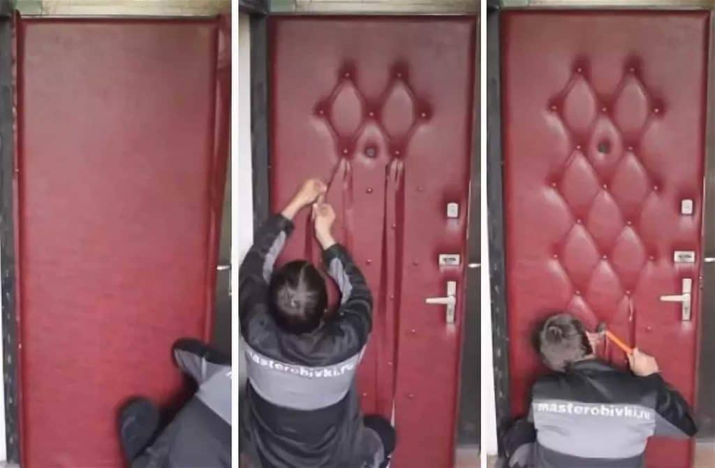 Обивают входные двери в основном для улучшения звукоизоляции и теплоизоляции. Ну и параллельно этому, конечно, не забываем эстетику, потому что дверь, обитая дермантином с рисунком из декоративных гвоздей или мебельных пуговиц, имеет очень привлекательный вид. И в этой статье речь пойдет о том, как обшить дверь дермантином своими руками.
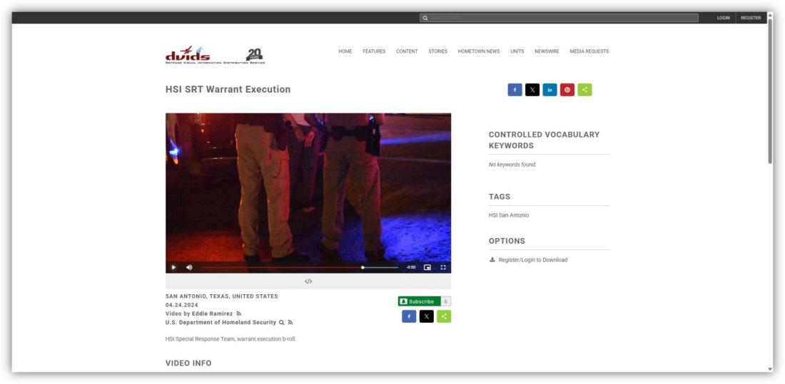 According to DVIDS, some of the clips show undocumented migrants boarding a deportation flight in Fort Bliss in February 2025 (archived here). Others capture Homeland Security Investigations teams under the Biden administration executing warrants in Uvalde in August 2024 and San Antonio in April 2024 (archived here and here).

* * *

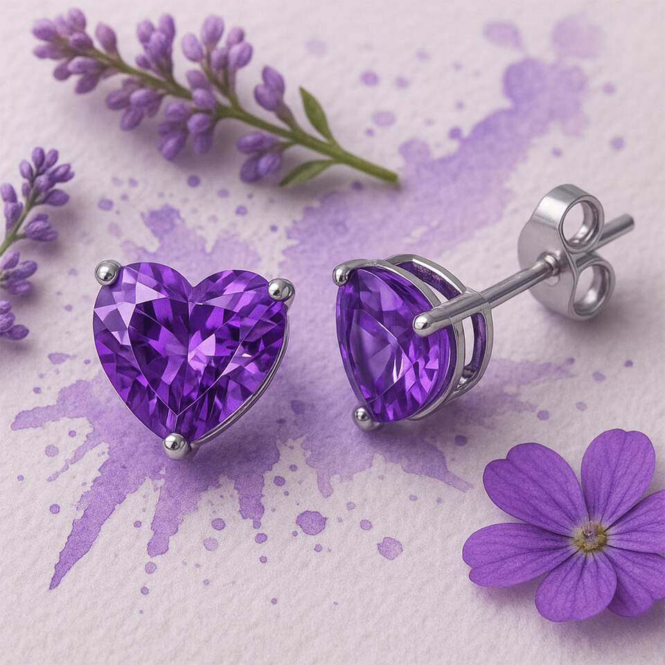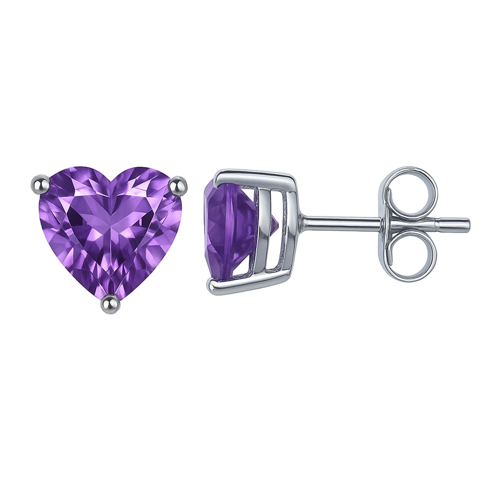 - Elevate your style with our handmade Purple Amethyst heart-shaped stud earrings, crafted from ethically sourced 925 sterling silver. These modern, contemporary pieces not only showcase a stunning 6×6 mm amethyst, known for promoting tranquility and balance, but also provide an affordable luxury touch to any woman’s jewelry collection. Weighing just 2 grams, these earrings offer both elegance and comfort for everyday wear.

--

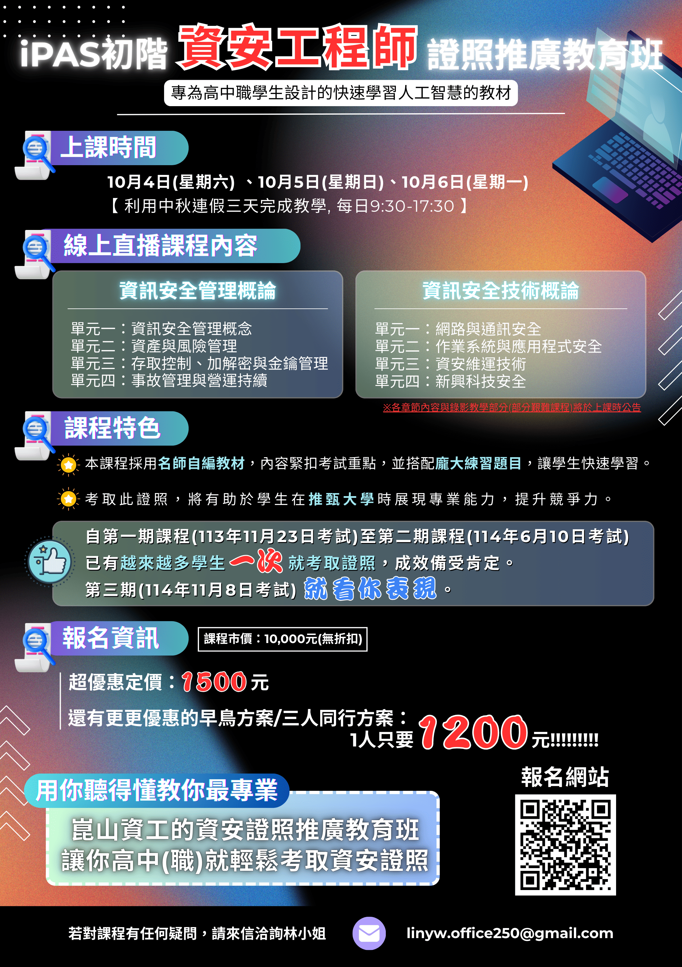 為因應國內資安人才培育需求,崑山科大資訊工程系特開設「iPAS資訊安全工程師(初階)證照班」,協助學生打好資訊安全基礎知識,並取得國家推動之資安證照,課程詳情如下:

_PROBLEM TO SOLVE_: Everything between and including the line above containing "Обивают входные двери" and the line containing "According to DVIDS, some" should be reproduced exactly, with pictures excluded.

_REPLY TO THE TASK_:
 Обивают входные двери в основном для улучшения звукоизоляции и теплоизоляции. Ну и параллельно этому, конечно, не забываем эстетику, потому что дверь, обитая дермантином с рисунком из декоративных гвоздей или мебельных пуговиц, имеет очень привлекательный вид. И в этой статье речь пойдет о том, как обшить дверь дермантином своими руками.
 According to DVIDS, some of the clips show undocumented migrants boarding a deportation flight in Fort Bliss in February 2025 (archived here). Others capture Homeland Security Investigations teams under the Biden administration executing warrants in Uvalde in August 2024 and San Antonio in April 2024 (archived here and here).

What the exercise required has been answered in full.